- _Data records_
Content starts
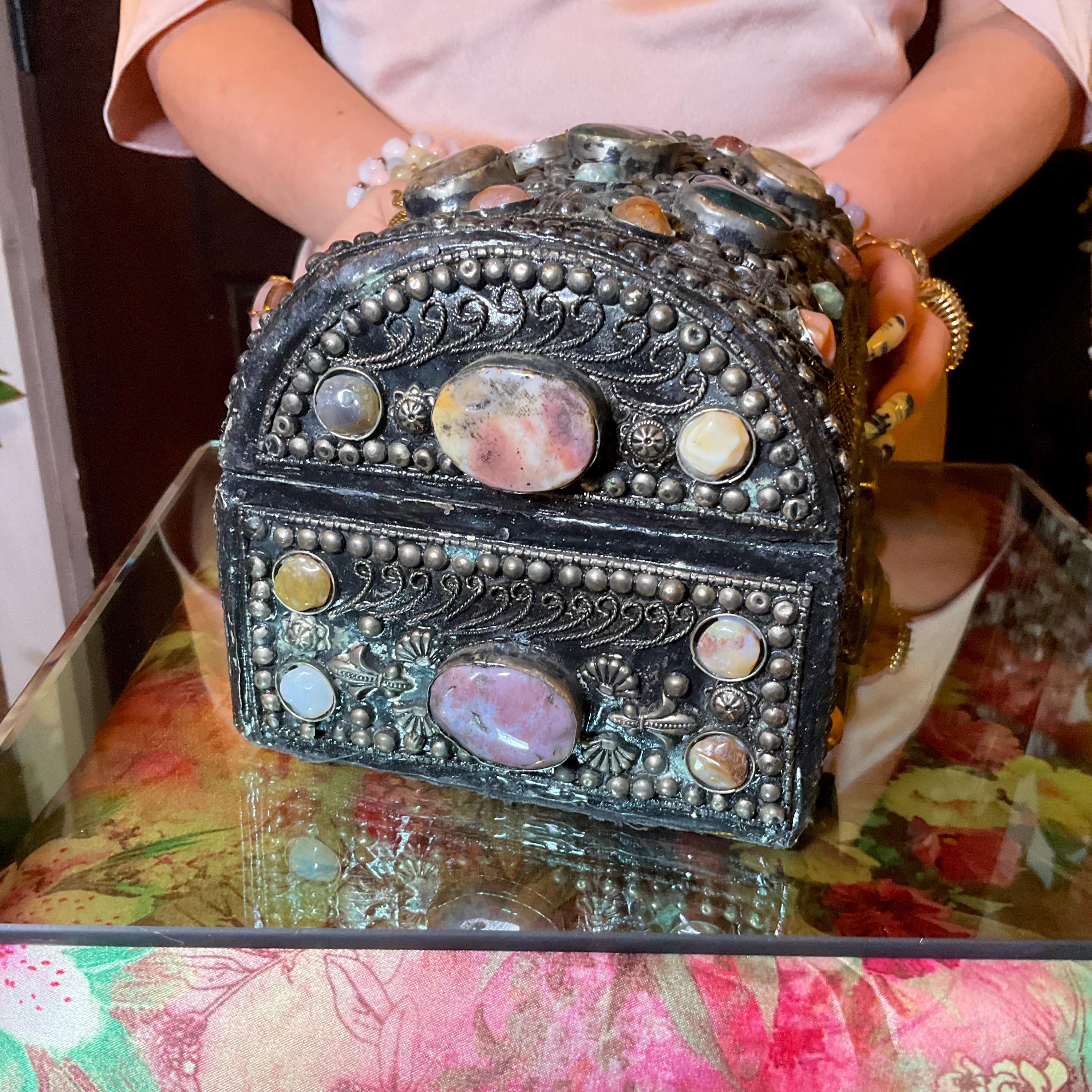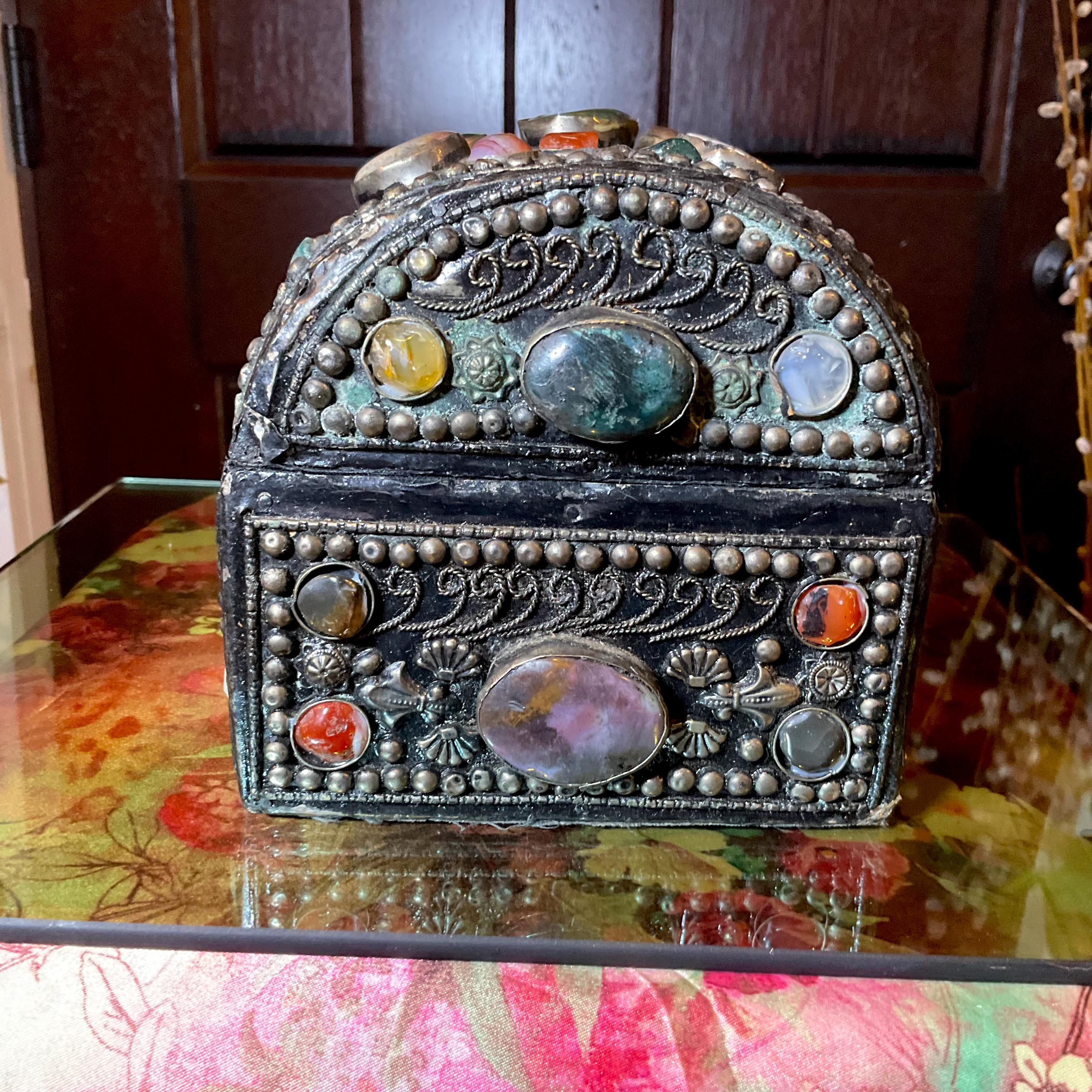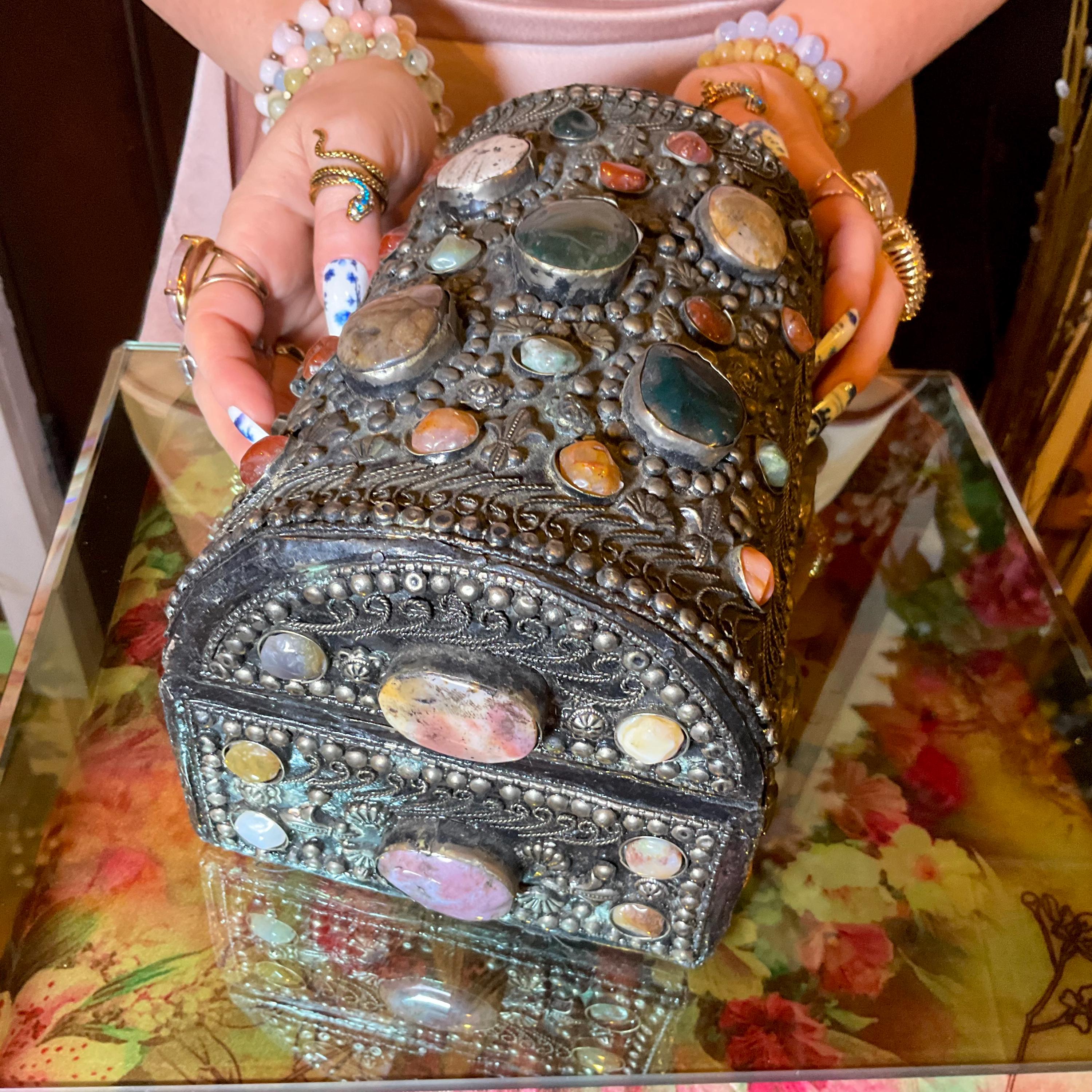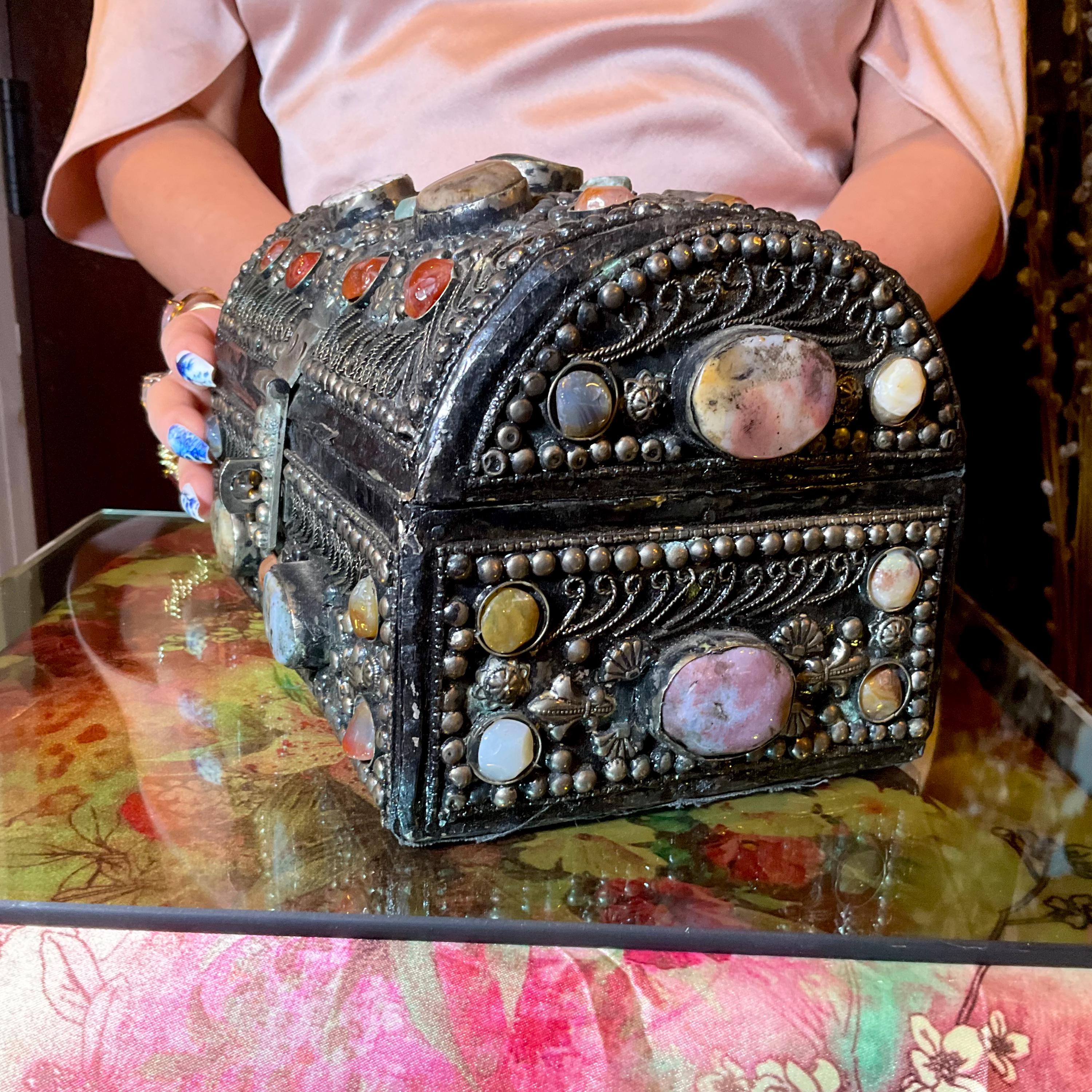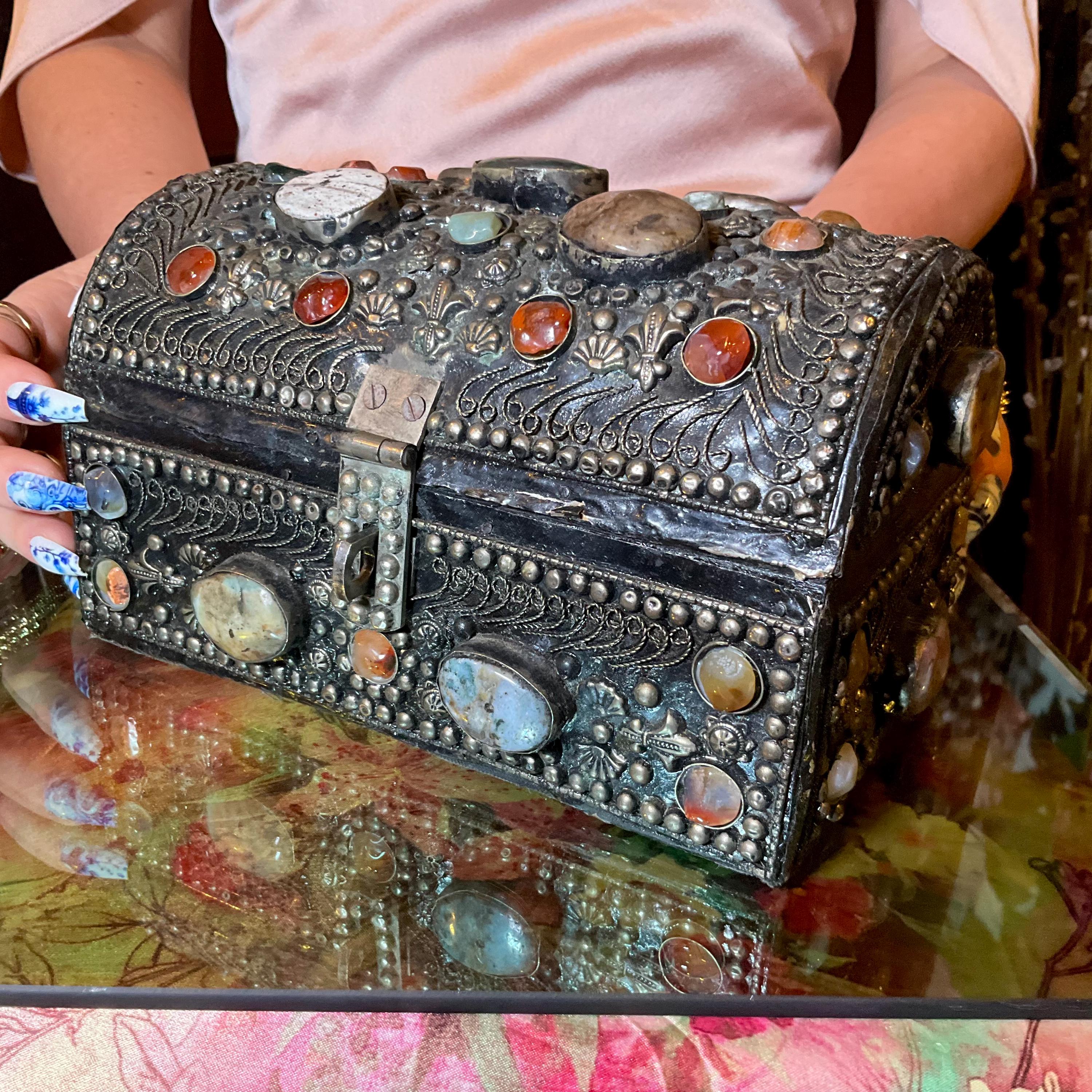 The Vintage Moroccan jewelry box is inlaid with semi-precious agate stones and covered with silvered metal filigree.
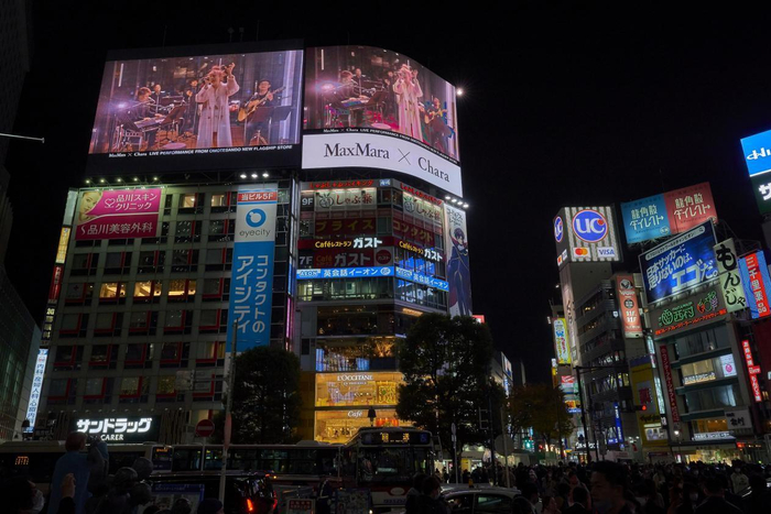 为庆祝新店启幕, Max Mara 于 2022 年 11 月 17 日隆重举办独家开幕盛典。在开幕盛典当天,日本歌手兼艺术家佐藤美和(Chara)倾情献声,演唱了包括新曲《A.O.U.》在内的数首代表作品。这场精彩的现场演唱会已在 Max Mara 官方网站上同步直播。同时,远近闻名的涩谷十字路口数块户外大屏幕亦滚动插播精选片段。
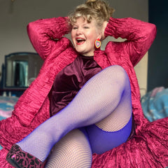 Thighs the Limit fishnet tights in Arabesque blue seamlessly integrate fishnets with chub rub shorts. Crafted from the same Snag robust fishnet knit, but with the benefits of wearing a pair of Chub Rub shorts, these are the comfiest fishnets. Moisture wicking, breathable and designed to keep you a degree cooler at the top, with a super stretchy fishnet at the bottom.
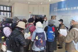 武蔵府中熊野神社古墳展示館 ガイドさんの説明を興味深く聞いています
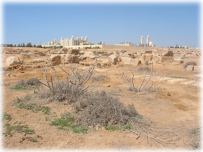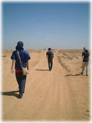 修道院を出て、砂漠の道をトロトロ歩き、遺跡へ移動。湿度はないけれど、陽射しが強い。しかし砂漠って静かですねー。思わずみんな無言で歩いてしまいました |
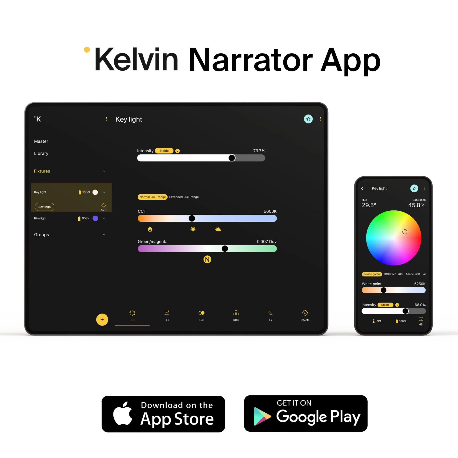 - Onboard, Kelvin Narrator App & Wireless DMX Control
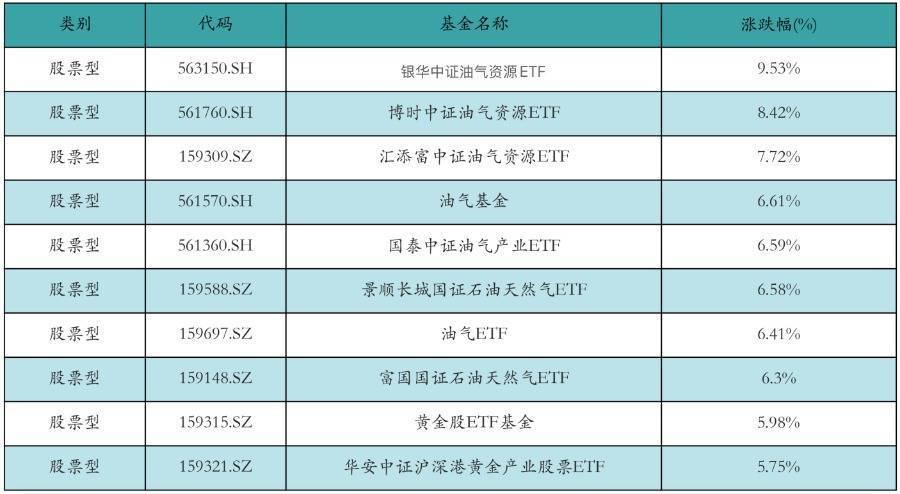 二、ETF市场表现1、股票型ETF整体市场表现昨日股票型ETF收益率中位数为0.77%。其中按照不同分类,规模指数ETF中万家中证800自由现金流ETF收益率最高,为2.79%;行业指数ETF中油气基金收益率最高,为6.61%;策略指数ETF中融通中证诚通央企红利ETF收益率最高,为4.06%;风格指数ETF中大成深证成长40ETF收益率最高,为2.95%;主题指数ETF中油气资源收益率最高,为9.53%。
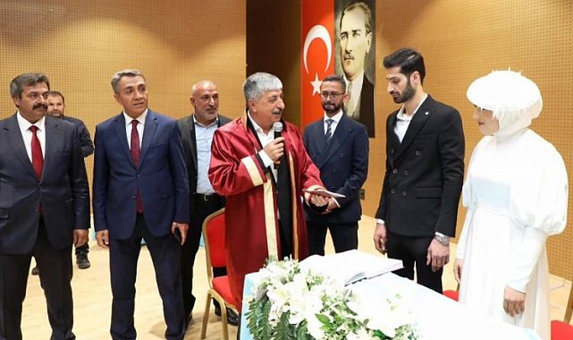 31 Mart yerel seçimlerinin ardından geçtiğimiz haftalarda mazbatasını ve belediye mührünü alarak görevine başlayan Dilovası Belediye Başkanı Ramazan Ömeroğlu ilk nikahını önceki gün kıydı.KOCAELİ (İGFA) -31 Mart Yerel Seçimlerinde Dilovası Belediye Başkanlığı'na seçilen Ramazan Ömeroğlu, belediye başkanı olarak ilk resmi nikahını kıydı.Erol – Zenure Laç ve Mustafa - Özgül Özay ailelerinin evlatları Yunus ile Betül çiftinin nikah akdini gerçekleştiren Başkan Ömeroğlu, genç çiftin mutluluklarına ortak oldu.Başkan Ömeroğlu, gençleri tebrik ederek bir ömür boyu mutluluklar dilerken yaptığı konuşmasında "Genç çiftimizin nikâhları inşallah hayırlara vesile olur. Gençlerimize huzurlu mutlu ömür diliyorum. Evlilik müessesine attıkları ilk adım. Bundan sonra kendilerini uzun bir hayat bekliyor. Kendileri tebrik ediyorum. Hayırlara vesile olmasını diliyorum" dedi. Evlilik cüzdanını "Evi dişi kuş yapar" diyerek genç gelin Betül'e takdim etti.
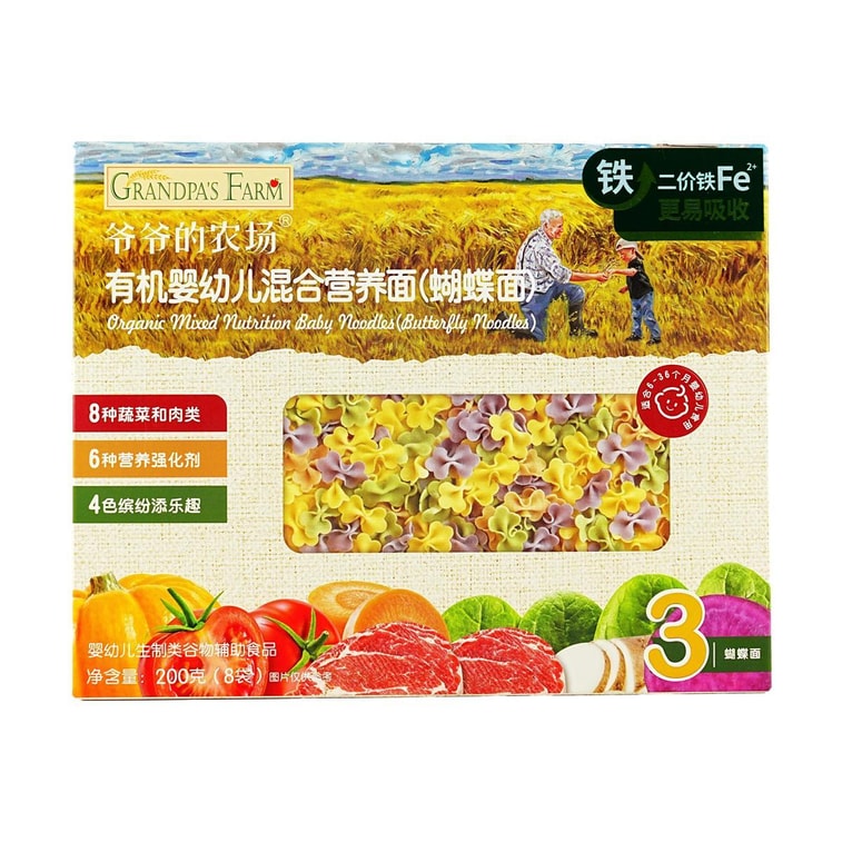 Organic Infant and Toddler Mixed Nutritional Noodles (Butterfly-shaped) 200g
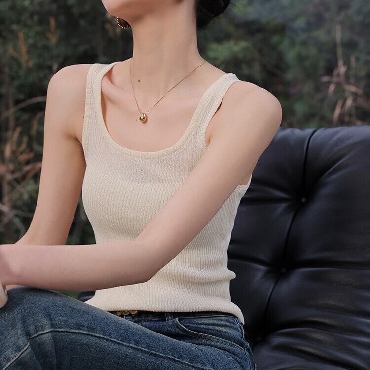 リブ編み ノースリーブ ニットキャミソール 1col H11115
Content ends
- _Work task_
Go back to the entries above and restate word for word every line from the first through the one that contains "- Onboard, Kelvin", leaving the pictures behind.

- _Written answer_
 The Vintage Moroccan jewelry box is inlaid with semi-precious agate stones and covered with silvered metal filigree.
 为庆祝新店启幕, Max Mara 于 2022 年 11 月 17 日隆重举办独家开幕盛典。在开幕盛典当天,日本歌手兼艺术家佐藤美和(Chara)倾情献声,演唱了包括新曲《A.O.U.》在内的数首代表作品。这场精彩的现场演唱会已在 Max Mara 官方网站上同步直播。同时,远近闻名的涩谷十字路口数块户外大屏幕亦滚动插播精选片段。
 Thighs the Limit fishnet tights in Arabesque blue seamlessly integrate fishnets with chub rub shorts. Crafted from the same Snag robust fishnet knit, but with the benefits of wearing a pair of Chub Rub shorts, these are the comfiest fishnets. Moisture wicking, breathable and designed to keep you a degree cooler at the top, with a super stretchy fishnet at the bottom.
 武蔵府中熊野神社古墳展示館 ガイドさんの説明を興味深く聞いています
 修道院を出て、砂漠の道をトロトロ歩き、遺跡へ移動。湿度はないけれど、陽射しが強い。しかし砂漠って静かですねー。思わずみんな無言で歩いてしまいました |
 - Onboard, Kelvin Narrator App & Wireless DMX Control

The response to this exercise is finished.